Brooding in classic black and white, Second Chances has the visual feel of the old ’70s comics magazines that were targeted at more mature tastes and best kept out of the hands of children. Heavy ink washes, splatters, and deep shadows define the book more readily than delicate detail; swathed in half-light, faces are made masks, and rooms are made cave-like.
With a visual language so heavily presented, one would expect the narrative to likewise be filled with bold, moody accents, and this book doesn’t disappoint. Our narrator runs a service that gives people the titular second chances by way of faking deaths; it’s a deeply maudlin concept, presented with the full straight-faced hardboiled language of noir.

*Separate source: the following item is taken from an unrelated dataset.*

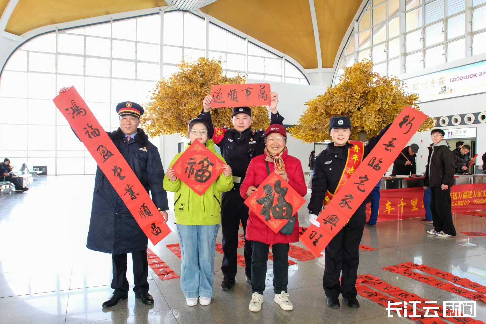 与此同时,襄阳铁路公安处联合铁路运输检察院、法院,组建“公检法企”联合宣传队,在春运首日走进襄阳工务段等铁路单位,开展“平安春运·法治同行”专题活动。通过定制化展板、以案释法、有奖问答、法律咨询等形式,为1100余名干部职工上了一堂生动的法治课。此外,各车站也洋溢着浓厚的“年味”:襄阳东站、宜昌东站、荆州站等派出所邀请书法和拓印老师现场书写春联、制作木拓,赠予往来旅客;乘警支队联合襄阳客运段在高铁列车上开展“送万福进万家”春运主题活动,乘警将反诈知识与魔术表演巧妙融合,在欢声笑语中揭秘诈骗套路。

But it can’t be that simple. The book doubles down on its concepts with high-tech ninja assassins, illusion-inducing homicide drugs, and a mysterious stranger. Yes, this is just the first issue.

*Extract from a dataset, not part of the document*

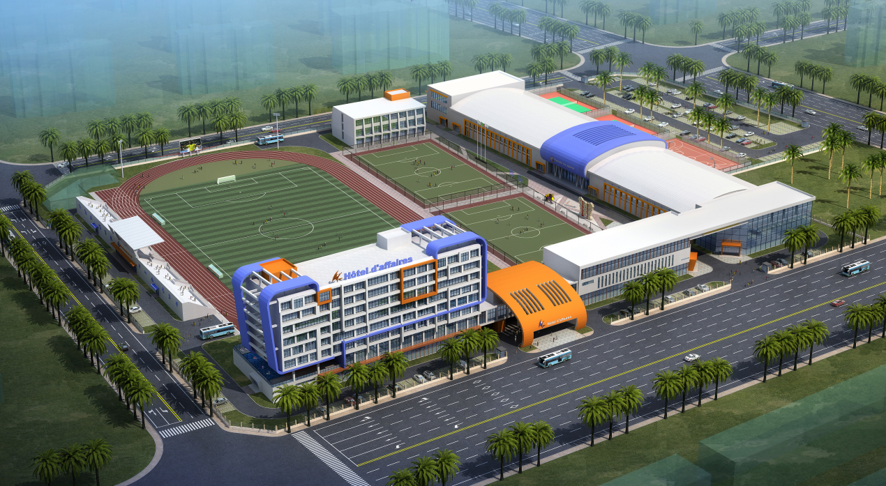 Présentation du projet :Le projet vise à construire, à Dakar, capitale de République de Sénégal, une nouvelle cité sportive qui intègre un h?tel quatre étoiles, un stade compréhensif, un terrain de football en plein air, un terrain de tennis, un terrain d’entra?nement de football, un terrain de basketball en plein air, des appartements pour athlètes, un batiment de restauration et d’enseignement et un parking, dont la surface batie totale est de 30 158 m2.

With a book so steeped in style and premise, it’s with a bit of frustration to admit that the issue doesn’t land many of its dramatic punches, if only because we begin the story already at a loss to how to connect with it—a generic man named Paul, one of our protagonist’s Second Chancers, is mid-penthouse murder spree when he’s cut down by said robo-ninjas, but at this point we don’t have there wherewithal to connect to why this is compelling. Our protagonist is forced to expound on our dramatic framework as we’re assaulted by dark, moody hyper-violence.
We’re forced to interrupt that action so that the gimmick of Second Chances can be established — going so far as to give us a step-by-step of ‘killing’ a person off and creating a second life. A secondary narrator is introduced, vague off-panel motives provided for absent characters, and then that second narrator is attacked, again with no established sense of stakes or context.
The issue then becomes a soup of things that are assuredly very cool. That soup never becomes substantial, exactly. It’s compelling in that it’s implying that it’s compelling. One finishes the issue with no connection to either narrator or narrative, which is not great news for a first issue.